The potential-energy hypersurface of the addition reaction OH+C2H4 was partially explored following two different approaches. First, the stationary points were located at the MP2(FULL)/6-31G(d,p) level and then the minimum energy path (MEP) was built starting from the MP2 saddle-point geometry. In order to improve the energetics along the MEP, single-point calculations were carried out at several higher levels, in particular, PMP2, MP4sdtq, PMP4sdtq, and QCIsd(t). In a different approach, the C–O bond length was assumed to provide an accurate parametrization of the reaction path in the vicinity of the transition state. The minimum energy structures at the MP4sdq/6-311+G(d,p) level for 16 points along the RC–O coordinate have been calculated, followed by a generalized normal-mode analysis at the MP2(FULL)/6-311+G(d,p) level for each point.
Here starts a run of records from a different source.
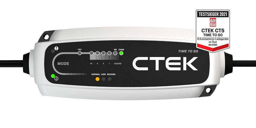 The groundbreaking CT5 TIME TO GO (part #40-255) battery charger and maintainer is a world first because it answers the question ‘When will my battery be fully charged?’
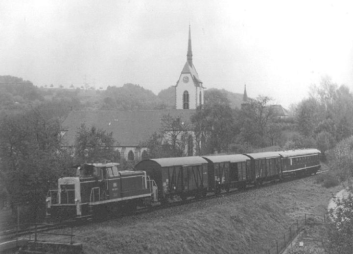 Einsatz der 261 841 in 1984 (Ozeanblau - Beige) auf der Wehratalbahn bei Öflingen. Aufgenommen von der Schmadstraße, Richtung Kath. St. Ulrichskirche:
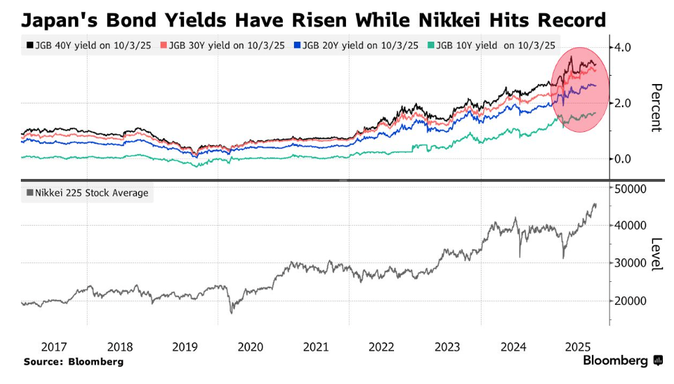 三井住友信托资产管理公司 (Sumitomo Mitsui Trust Asset Management Co.) 高级策略师稻田胜年 (Katsutoshi Inadome) 表示:「尽管不像去年的领袖选举那样明显,但市场认为财政纪律将会放松,而且她不会对日本央行的加息举措表现出太多理解。周一日本国债收益率可能会下降,尤其是 2 年期和 5 年期国债收益率,而超长期收益率则会上升。对 10 月加息的预期定价可能会有所回落。」
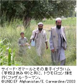 ファザル・ラーマンは、記入の終わった出生登録証を束にまとめて、トウモロコシ畑の反対側、数百メートル離れた集落へ向かいます。畑で働くより、こちらのほうが「ピクニック」のようで楽しい、とファザルは言います。しかし、その一方で、自分の予防接種委員と出生登録員としての仕事が、アフガニスタンの未来そのものにとって重要な仕事であることをわきまえています。「私はサービスを提供している。それは心得ています」彼は微笑みながら語ります。「たくさんの人たちの役に立つ仕事ができてとてもうれしいですね」

The initial potential information from both approaches was used to calculate canonical variational transition state (CVT) association rate constants for the temperature range 200–1000 K. Our calculations at the PMP4sdtq/6-311+G(d,p)//MP4sdq/6-311+G(d,p)[MP2(FULL)/6-311 +G(d,p)] level reproduce the inverse dependence of the rate constant with temperature at T<565 K, in agreement with the experimental evidence that this reaction has a negative activation energy at room temperature. The analysis of the enthalpic and entropic contributions to the Gibbs free-energy profile has allowed us to understand those negative values of the activation energy.